Individuals with IDD generally have limitations with their intellectual functioning, affecting their social and practical skills.  Some individuals on the autism spectrum may display issues during social interactions, hyper-focus on specific things or engage in repetitive behaviors. Adults with IDD can also be very routine-oriented. The disruption of COVID-19 to their daily schedules can be devastating.

Many individuals with IDD rely heavily on caregivers to assist with completion of their activities of daily living (ADL). ADLs are the basic tasks that must be accomplished daily for an individual to thrive such as brushing your teeth, showering, eating, even using the bathroom.

With COVID-19, the quarantine and social distancing, caring for adults with IDD has presented some challenges. Sources of basic care like transportation and food prep may have been suspended. Social activities may have been cancelled. High functioning adults with jobs may have been furloughed. Routines and structure may have lapsed due to the new “normal” that so many have had to adjust to in their lives.

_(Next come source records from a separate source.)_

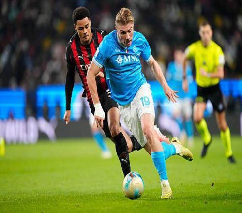 在利雅得的沙特国王大学球场,霍伊伦和恩昆库的对比,以一种最鲜明的方式呈现出来。丹麦前锋传射建功,毫无悬念地当选本场最佳,以真正属于中锋的方式击溃了他本可加盟的“潜东家”。第39分钟,他接到斯皮纳佐拉的传球,在左侧底线附近持球,吸引了德温特的防守,随后突然转身,用左脚将皮球送向门前,迈尼昂狼狈地扑了一下,却正好将球送到内雷斯脚下,巴西人轻松铲射得手,为那不勒斯首开纪录。值得一提的是,那不勒斯最近四场胜利,都是面对强敌(亚特兰大、罗马、尤文、米兰),霍伊伦-内雷斯这对组合每场都有进球连线(即便此球被迈尼昂碰到,统计层面不算霍伊伦的助攻),是名副其实的好搭档。
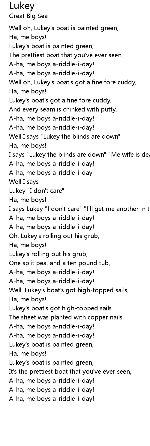 Well, Lukey's boat's got high-topped sails,
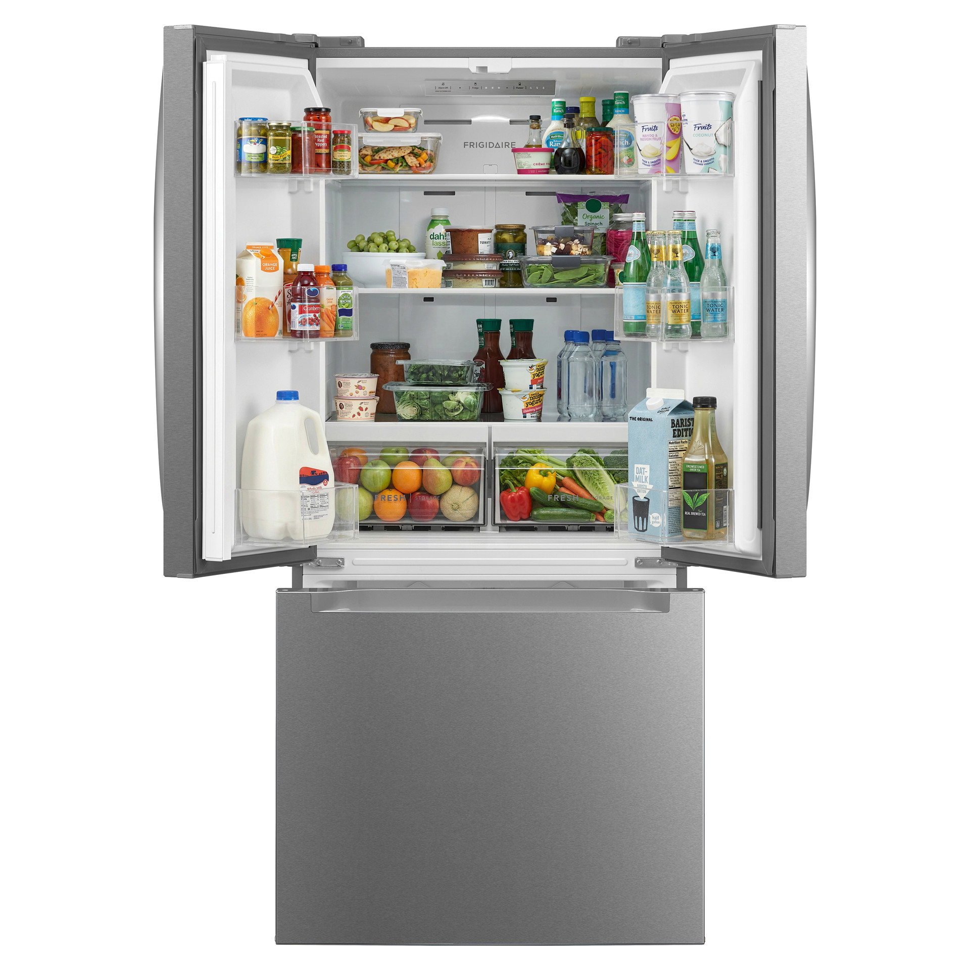 Trouvez une place pour chaque chose grâce à nos solutions de rangement flexibles conçues pour optimiser chaque centimètre carré disponible dans votre réfrigérateur, notamment des étagères en verre réglables sur toute la largeur et de multiples bacs de porte.

Further, many of the adults with IDD have underlying medical and/or psychological health conditions that could make them vulnerable during the pandemic. The CDC has extraordinarily little to say directly to individuals with IDD other than the recommendation of following the general COVID-19 preventative measures that are currently in place. Sadly, caregivers have minimal resources available to them. Without the proper support, an entire vulnerable population is at risk. The CDC needs to develop guidelines that speak directly to the unique challenges that individuals with IDD and their caregivers face. Programs must be developed, and funds must be allocated to support the individuals and the caregivers that enrich their lives, during the pandemic and beyond.